Lord Justice of Appeal
- In office 1980–1989

Justice of the High Court
- In office 1966–1980

Personal details
- Born: Patrick McCarthy O'Connor 28 December 1914 British India
- Died: 3 May 2001 (aged 86)
- Children: 4
- Education: Downside School Merton College, Oxford

= Patrick O'Connor (judge) =

Sir Patrick McCarthy O'Connor, PC (28 December 1914 – 3 May 2001) was a British judge, who was a Lord Justice of Appeal between 1980 and 1989. He is best remembered as one of the three judges who rejected the second appeal by the Birmingham Six in 1988.

== Biography ==
Born in India, O'Connor was the son of William Patrick O’Connor, a doctor. His Scottish mother died when he was nine, while his father died when he was 11. He was sent back to England and was educated at Downside School and Merton College, Oxford (honorary fellow, 1987), where he read History. He was called to the Bar by the Inner Temple in 1940 (bencher, 1966). He was the pupil and, later, the tenant of Ronald Armstrong-Jones at 2 Crown Office Row. He had originally intended to join the Diplomatic Service or the Royal Navy, but was turned down by both on medical grounds.

Having started his career specializing in personal injury claims and claims under the Workmen's Compensation Acts, after the war O'Connor acquired a large practice in employer negligence litigation. He was appointed junior counsel to the Post Office and was made a Queen's Counsel in 1960. O'Connor was Recorder of King's Lynn from 1959 to 1961 and of Southend from 1961 to 1966.

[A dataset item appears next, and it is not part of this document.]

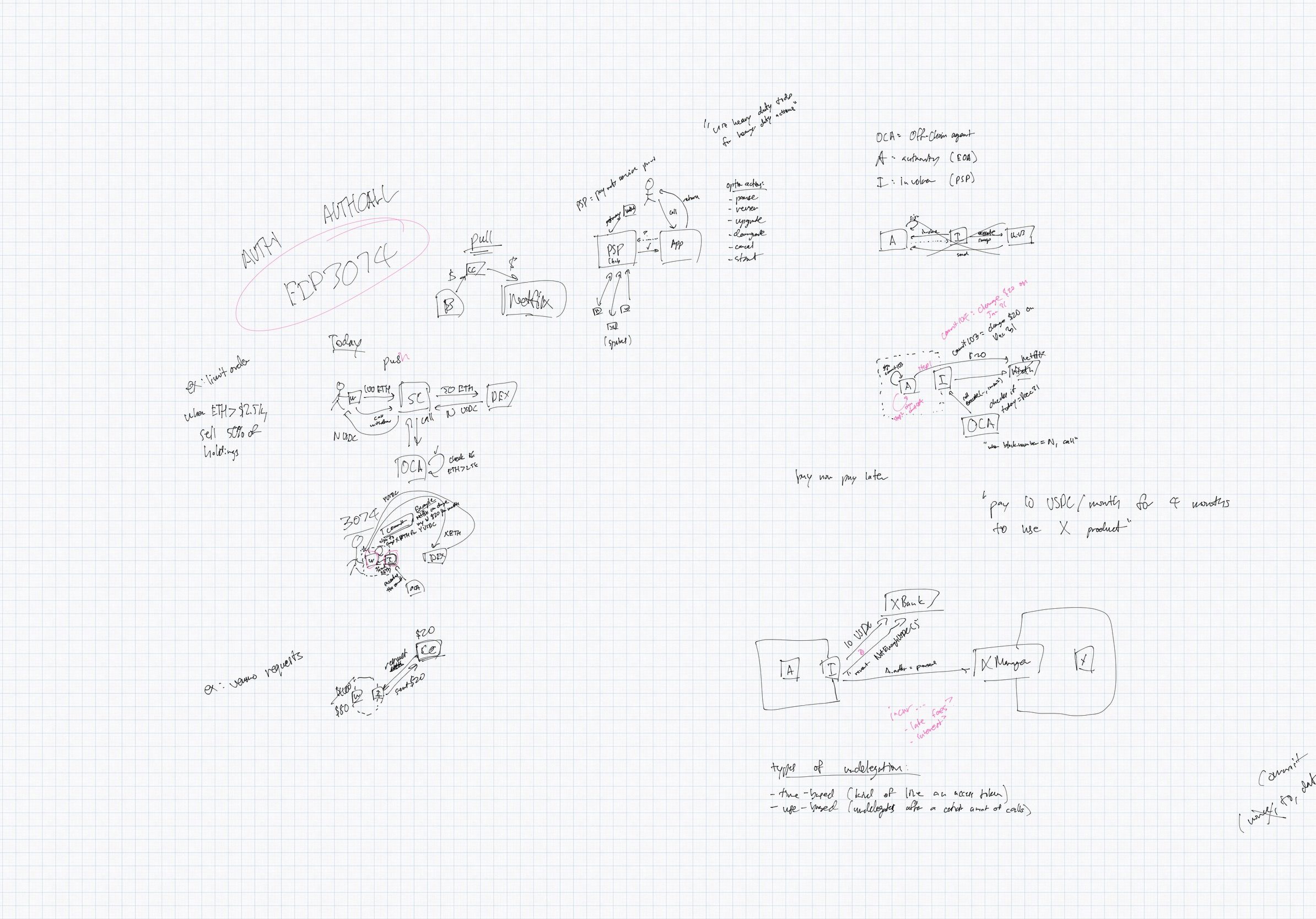 Behind the scenes, we were sketching out the broader vision on iPads and whiteboards—mapping out how recurring subscriptions would work, what would happen if ETH values fluctuated, how escrow payment services could function. Every diagram was a piece of the future we were fighting to build.

In 1966, O'Connor was appointed a Justice of the High Court and assigned to the Queen's Bench Division, receiving the customary knighthood. In 1967, he sentenced the gangster Charles Richardson to 12 years' imprisonment for conspiracy to pervert the course of justice. He also presided over a string of high-profile libel cases.

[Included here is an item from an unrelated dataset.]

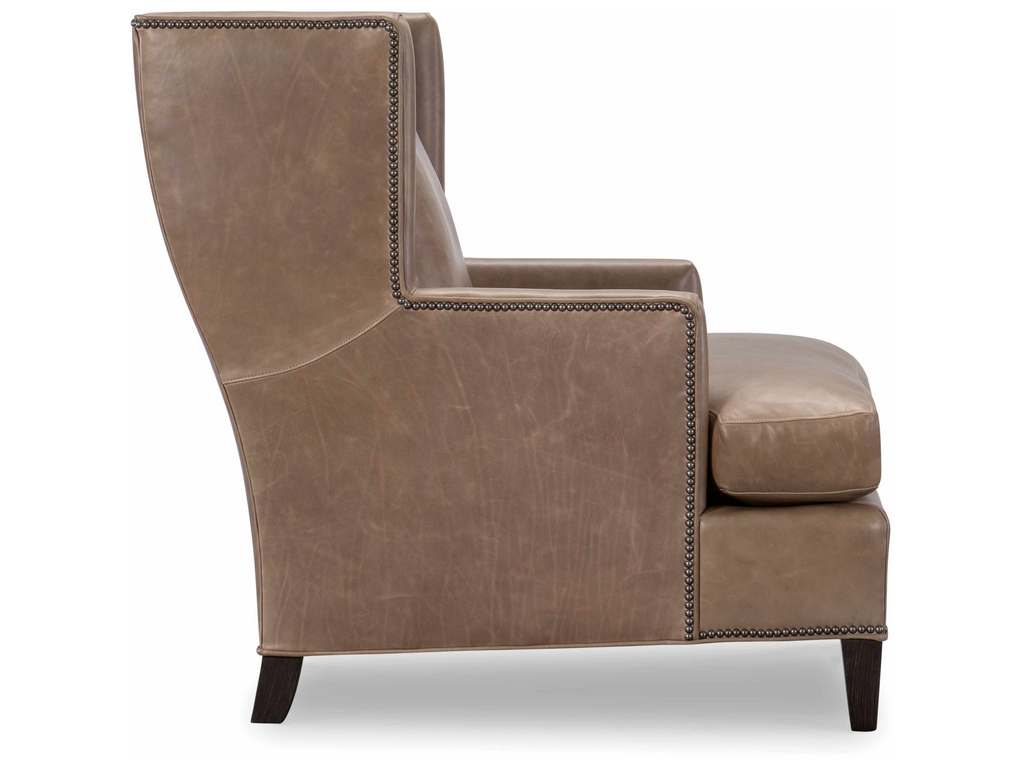 Product Description: CR Laine L2160-05 Penelope Leather Chair - Box Border Back. French Seamed. Standard with small brass nail trim. Shown with: Ranger Peat Leather, Sable Finish and Small Black Nickel Nail.

In 1980, Richardson was appointed a Lord Justice of Appeal and sworn of the Privy Council. His 1988 dissent in Caparo Industries plc v Dickman was later adopted by the House of Lords. In 1989, he was one of the three judges (sitting with Lord Lane and Lord Justice Stephen Brown) who rejected an appeal by the Birmingham Six, whose convictions were quashed in 1991. He retired in 1989.

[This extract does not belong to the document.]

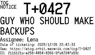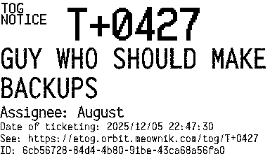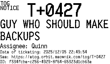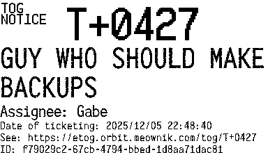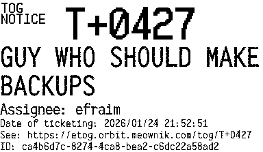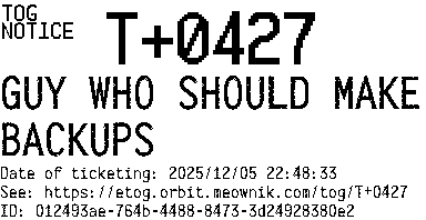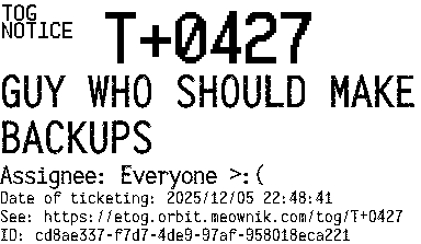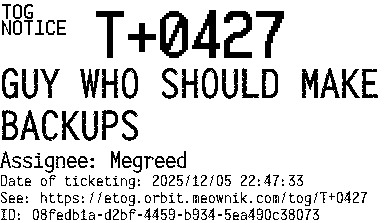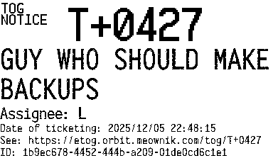 Orbit eTOG Listing Service: T+0427 GUY WHO SHOULD MAKE BACKUPS

A devout Catholic, O'Connor was involved with Catholic charities such as the (British) Thomas More Society and Downside School.

== Family ==
O'Connor married in 1938 Mary Garland Griffin, whom he had met at Oxford. She was the daughter of William Martin Griffin, KC, of Vancouver. They had two sons and two daughters. Lady O'Connor died in 1984.